Recently, deep learning (DL) models have shown tremendous potential for hydrological prediction, reservoir management, and operational planning. However, their effectiveness in predicting reservoir inflows over extended time horizons remains limited. Recent advancements in DL algorithms have improved the accuracy of inflow forecasts, yet most studies emphasize short‑term applications or real‑time operations. This study proposes a novel multi‑step forecasting framework to enhance long‑term predictions of reservoir inflow and water supply. Using snow‑water equivalent (SWE) and historical inflow data, we trained a DL model built on a convolutional neural network (CNN)–long short‑term memory (LSTM) encoder–decoder architecture to forecast inflows during the critical March–August runoff period.
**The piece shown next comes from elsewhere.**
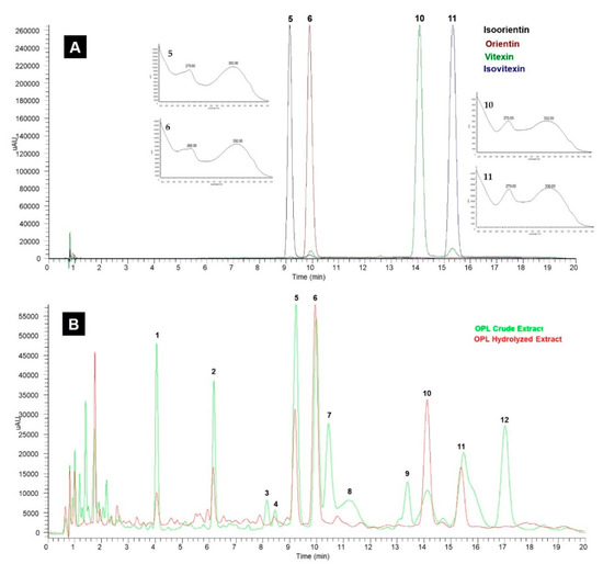 (A) Ultra-high-performance liquid chromatography-ultraviolet/photo-diode array (UHPLC-UV/PDA) chromatogram of commercial standards recorded at 340 nm: 5, isoorientin; 6, orientin; 10, vitexin; and 11, isovitexin. (B) Typical chromatogram of OPL crude and hydrolyzed extracts at 340 nm. Peak identified: 1, luteolin-6,8-di-C-hexose (Isomer 1); 2, apigenin-6,8-di-C-hexose; 3, luteolin-6,8-di-C-hexose (Isomer 2); 4, apigenin-6-C-pentose-8-C-hexose (Isomer 1); 5, isoorientin; 6, orientin; 7, luteolin-6-C-hexose-8-C-deoxyhexose (Isomer 1); 8, apigenin-6-C-pentose-8-C-hexose (Isomer 2); 9, luteolin-6-C-hexose-8-C-deoxyhexose (Isomer 2); 10, vitexin; 11, isovitexin; and 12, apigenin-6-C-hexose-8-C-deoxyhexose.

Model architecture and hyper‑parameters were tuned via multi‑fold cross‑validation of the time series, examining various CNN‑ and LSTM‑based encoder–decoder adaptations. The methodology was applied to 40 years of SWE and inflow data from Jordanelle Reservoir, Utah. The optimal configuration—an LSTM encoder–decoder with 16 nodes per layer—achieved substantial improvements in long‑term forecast accuracy. We also assessed the trade‑off between model complexity and performance by benchmarking against a process‑driven ensemble streamflow prediction (ESP) model and classical statistical methods (SARIMA, VAR, TBATS). The DL approach outperformed the statistical models for long‑term water‑supply forecasts and achieved accuracy comparable to the ESP model’s 50 % exceedance‑probability forecast. Overall, these results highlight the promise of advanced DL methods for enhancing long‑term hydrological forecasting and water‑resource management.